With her mother from France and Madagascar and her father from Madagascar, she never experienced a culture shock here. “Bangalore’s a very cosmopolitan city, where you get to meet interesting people doing different things. But I don’t live as an expatriate or do the expatriate brunches or parties,” she says, adding, “There are many similarities between Madagascar and India, like the traffic, pollution, rickshaws and cows. But that’s true of any developing country. The only difference is that instead of stray dogs like you have here, there are chickens on the road there.”

The 26-year-old adds, “What I don’t like here is the lack of open spaces. I love to play sports like basketball and swim but you can’t go to a swimming pool here unless you live in a big complex with a pool or are the member of a swimming club.

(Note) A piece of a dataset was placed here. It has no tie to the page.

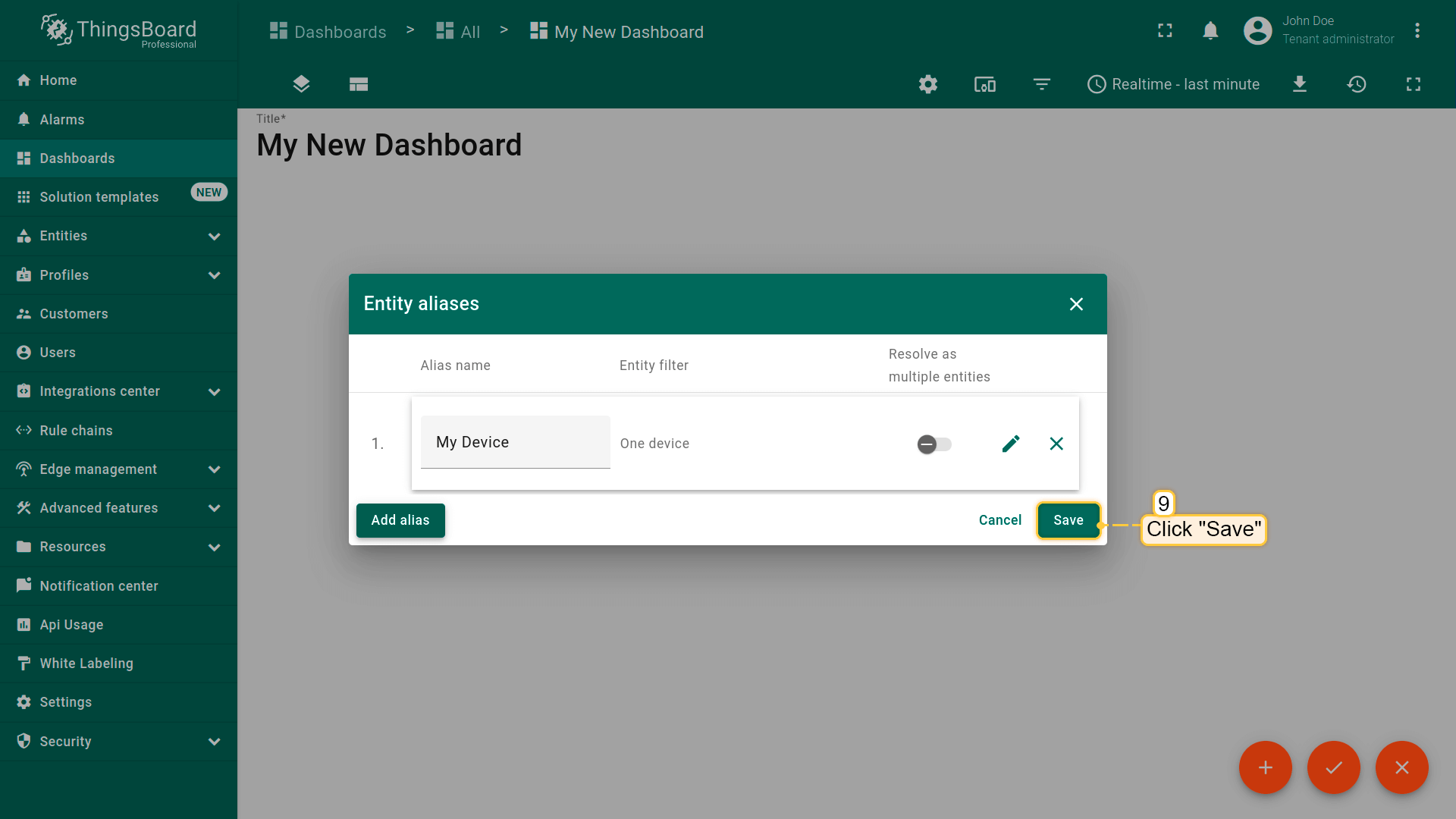 导入仪表盘您可导入 JSON 格式的仪表盘。要导入仪表盘,请进入「仪表盘」组,点击页面右上角的 「+」 按钮,选择 「导入仪表盘」。仪表盘导入窗口将弹出,系统会提示您上传 JSON 文件并点击 「导入」。 下方可找到仪表盘 JSON 文件: 导入后,我们需要为设备选择实体别名。 操作方式:点击铅笔图标并选择实体别名,选择别名「My device」并点击铅笔图标打开编辑。 然后,从下拉列表中选择名为 My device 的设备并保存实体别名。完成后即可查看设备数据。 若操作正确,您将看到以下仪表盘:

My problem is that I can’t unwind here and when I need to, I have to leave Bangalore. I also miss certain aspects of home like the food, the culture and my friends. But it’s been the right move to stay here.” 

However, she finds the City extremely unsafe for women. “The main difference is the freedom for women. In France, people are very aggressive in the way they flirt, which is annoying but you don’t feel endangered. Here, men look at you in a scary way. 

For my first six months here, I wore only kurtas out of caution,” she shares, adding that a stranger once touched her hair on an overnight bus ride and that was a horrifying experience. 

Ask her about her experience with Indian food and she replies, “The food here’s good and tasty but the problem is that there is a lot of pesticides in it. Still, I eat Indian food everyday and ‘dal makhani’ is my comfort food. I’m dying to learn how to cook it.”

Her tryst with learning Indian languages hasn’t been too successful either. “In the beginning, I tried to learn Hindi. But when I left to travel for a few months, I forgot everything! But I don’t see language as a barrier because most people speak English. Also, a lot of body language is used here, which makes it easier to communicate,” she says.

Valeria has also explored the independent music scene coming out of India during her stint at The Humming Tree. 

“I’m really surprised because there’s no conservatory or music school here like in France but the quality of music is really good. You have an active scene with people trying to do fantastic things. It’s still a small growing community but people are genuinely supporting each other. I like that because when I think of the Europe music scene, I think of big egos. I was amazed when I saw Bangalore’s trip-hop band ‘Sulk Station’ or ‘The F16’s’ from Chennai. And there’s also Carnatic music, which is really beautiful,” she wraps up.